WHAT TO PRODUCE:
Only the lines from the one with "雨の朝、 アサガオが優しく咲いていました💕 この色、今年初めて🎶" to the end of the data below should be given again, exactly, with both ends included and pictures omitted.

DATA PROVIDED:
┄┄┄┄┄┄┄┄┄┄┄┄┄┄┄┄┄┄┄┄
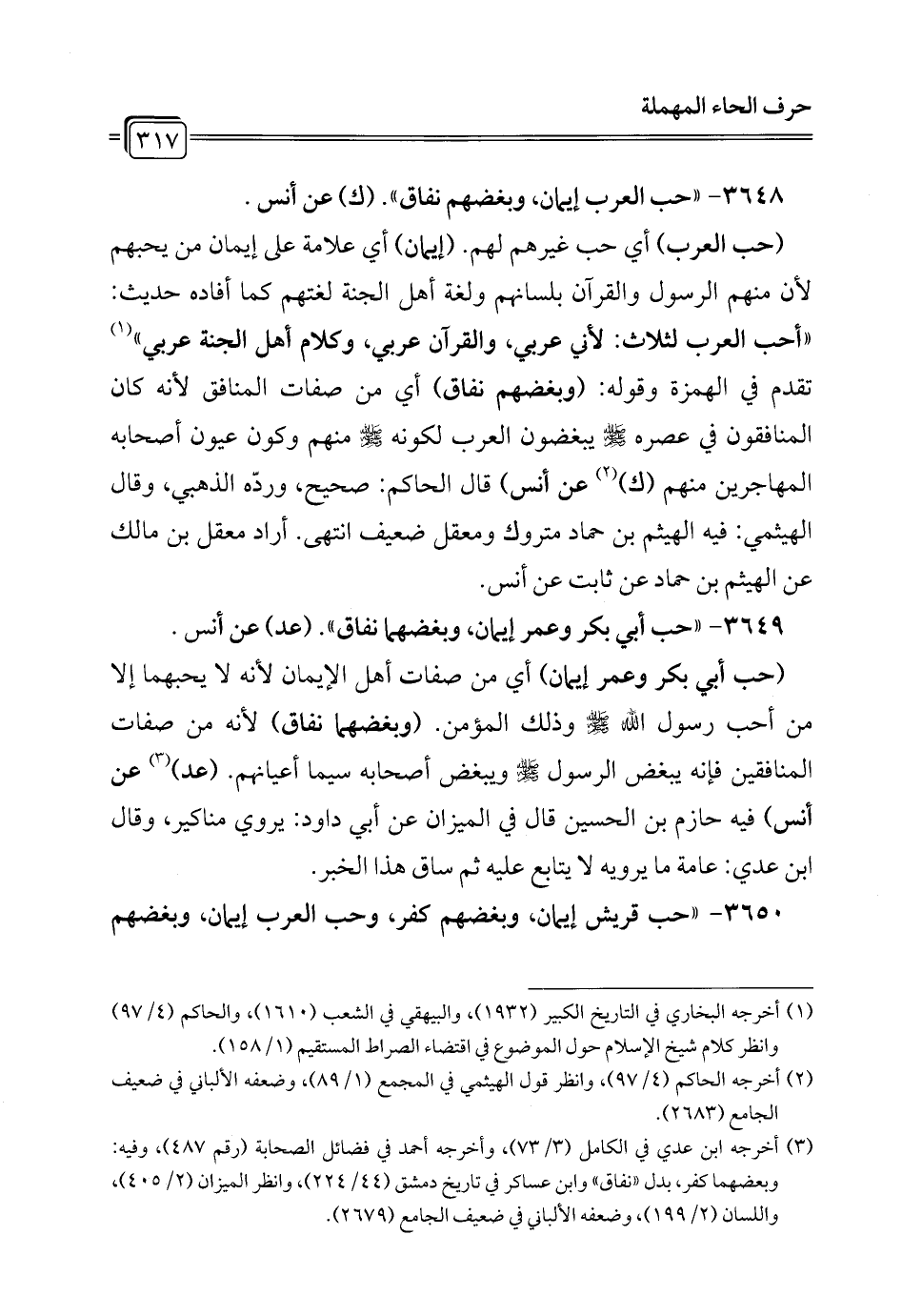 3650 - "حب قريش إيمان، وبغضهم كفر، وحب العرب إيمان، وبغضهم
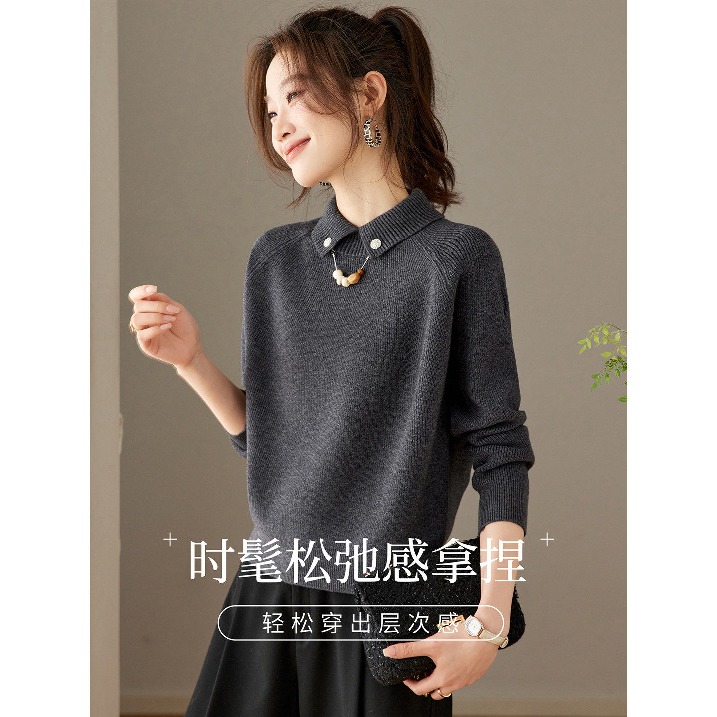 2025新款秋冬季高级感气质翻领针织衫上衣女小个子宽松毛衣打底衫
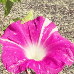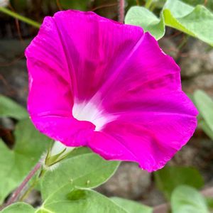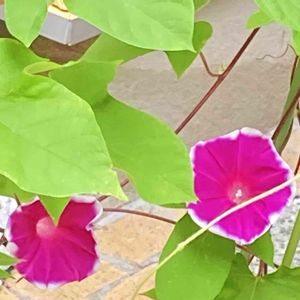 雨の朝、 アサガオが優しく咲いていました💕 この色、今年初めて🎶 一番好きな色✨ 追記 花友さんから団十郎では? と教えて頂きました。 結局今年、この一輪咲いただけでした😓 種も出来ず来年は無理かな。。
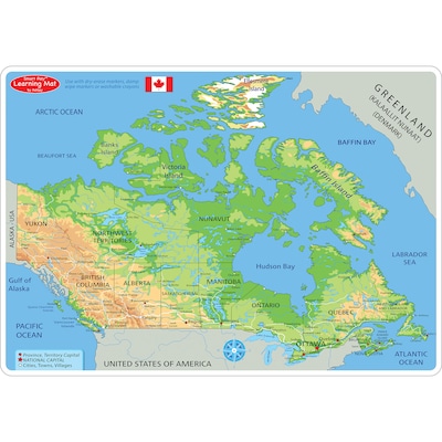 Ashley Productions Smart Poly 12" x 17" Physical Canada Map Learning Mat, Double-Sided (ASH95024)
┄┄┄┄┄┄┄┄┄┄┄┄┄┄┄┄┄┄┄┄
WRITTEN SOLUTION:
 雨の朝、 アサガオが優しく咲いていました💕 この色、今年初めて🎶 一番好きな色✨ 追記 花友さんから団十郎では? と教えて頂きました。 結局今年、この一輪咲いただけでした😓 種も出来ず来年は無理かな。。
 Ashley Productions Smart Poly 12" x 17" Physical Canada Map Learning Mat, Double-Sided (ASH95024)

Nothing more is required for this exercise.